On May 7, the company announced it will showcase its AI-powered ADAM robot in a live noodle-making demo at the National Restaurant Association Show in Chicago (Booth #3885), highlighting food preparation automation. This came right after a May 6 joint showcase with SoundHound AI for a voice-enabled robotic beverage experience at the same event, showing integrated AI for customer interactions. These previews created real buzz and contributed to intraday gains as interest in AI robotics builds.
Earlier, on May 5, Richtech was named “Rookie of the Year” by the Vegas Golden Knights following its first partnership season, validating robot use in sports venues for tasks like bussing and serving. This recognition has helped shift sentiment positively.
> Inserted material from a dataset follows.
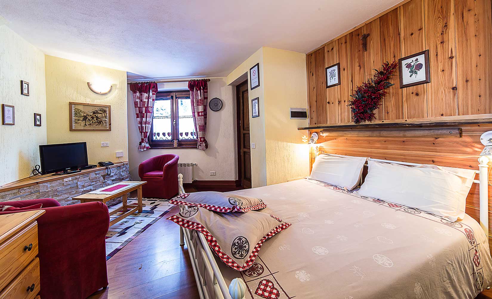 Camera matrimoniale spaziosa e luminosa, arredata in tipico stile alpino con pareti in legno e dettagli caldi che richiamano la tradizione di montagna. L’angolo relax con poltrone e la cura degli arredi creano un ambiente accogliente e confortevole, ideale per una coppia in soggiorno a La Thuile.
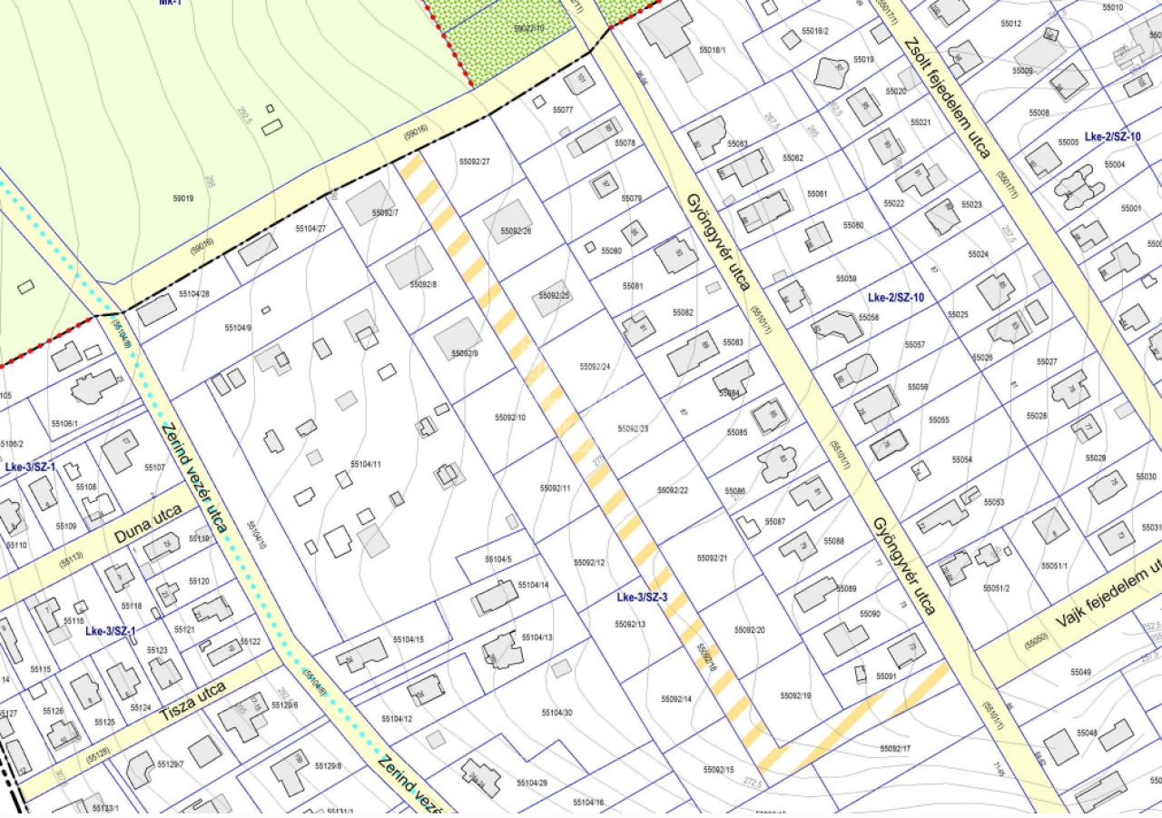Meglévő tervek vannak, melyek a vételár részét képezik, családi ház , illetve kis módosítással 2 lakásos társasház építhető. Ezen tervek alapján már egy családi ház felépült a lakóparkban mely megtekinthető.

International momentum picked up with an April 8 distribution deal with Netherlands-based NewConsultancy B.V., enabling sales, deployment, and service of AI robots across the EU/Schengen region. Building on success at ProWein 2025, this news triggered an 8.85% single-day surge, offsetting earlier pressures.
Availability in the Microsoft Marketplace in late April expanded its reach further, though shares had faced headwinds earlier from scrutiny over Microsoft ties—linked to a securities class action alleging misrepresentation—that caused over 30% declines through March. The April 3 lawsuit deadline passed without significant issues.
On the financial side, Q1 FY2026 (ended Dec 31, 2025) showed RaaS revenue up 31% YoY to $0.3 million, underscoring the shift to recurring models from one-time hardware sales. GAAP net loss came in at $8.4 million, largely due to $8.3 million in non-cash stock-based compensation; adjusted loss was just $0.1 million. Liquidity remains strong at $328.8 million, supported by institutional commitments. Analysts are mixed: HC Wainwright reiterated Buy at $6 (Feb 18), while others adjusted targets to $2-$4 over profitability concerns. I also checked this using Tickeron’s AI Screener to compare RR against peers in the sector. These factors have driven shares up ~28% over the latest 30 days from lows.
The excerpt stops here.